RECORDED INFORMATION Start Marker

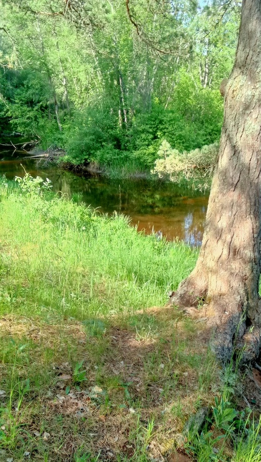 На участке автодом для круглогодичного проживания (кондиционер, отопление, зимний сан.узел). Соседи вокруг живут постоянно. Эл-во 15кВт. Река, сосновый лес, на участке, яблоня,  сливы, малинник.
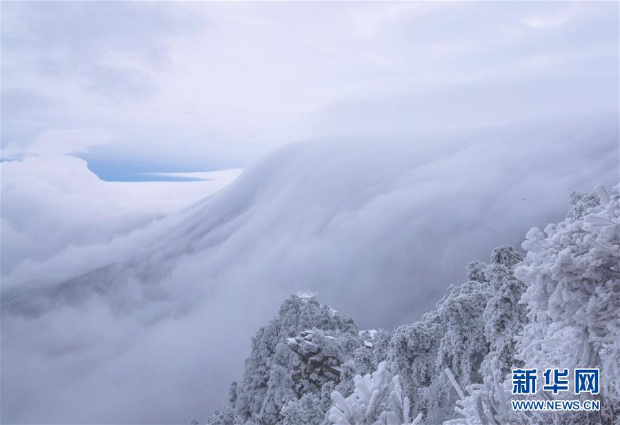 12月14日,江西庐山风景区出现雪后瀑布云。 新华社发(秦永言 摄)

RECORDED INFORMATION End Marker
RECORDED INFORMATION Start Marker

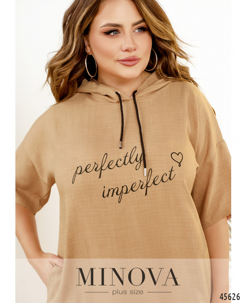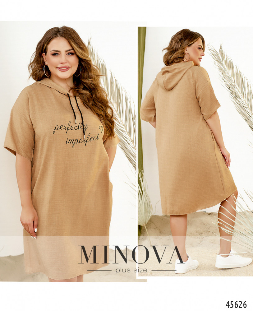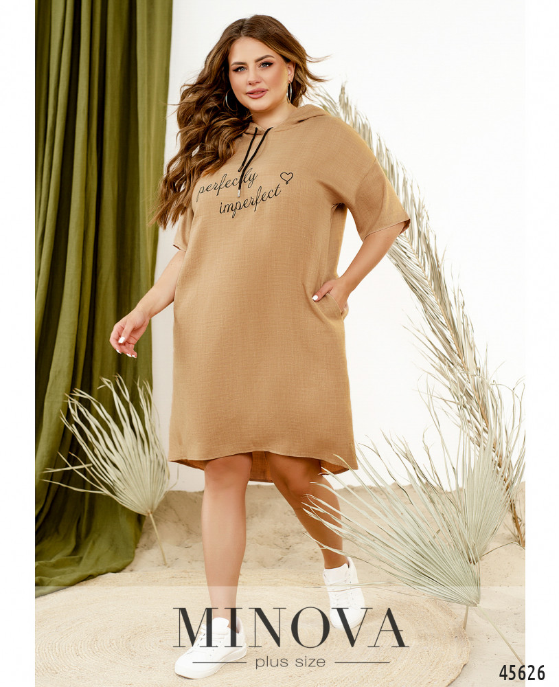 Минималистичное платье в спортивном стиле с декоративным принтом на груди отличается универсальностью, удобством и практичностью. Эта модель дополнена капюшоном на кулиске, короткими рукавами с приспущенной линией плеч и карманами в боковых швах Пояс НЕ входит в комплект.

RECORDED INFORMATION End Marker

> [PROBLEM TO SOLVE]:
Nothing but the lines from the one with "На участке авт" up to and including the one with "12月14日,江西庐山风景区出现雪后瀑布云。 新华社发(秦永言 摄)" should be printed, exactly as they read above. Please keep the pictures out.

> [ANSWER BOX]:
 На участке автодом для круглогодичного проживания (кондиционер, отопление, зимний сан.узел). Соседи вокруг живут постоянно. Эл-во 15кВт. Река, сосновый лес, на участке, яблоня,  сливы, малинник.
 12月14日,江西庐山风景区出现雪后瀑布云。 新华社发(秦永言 摄)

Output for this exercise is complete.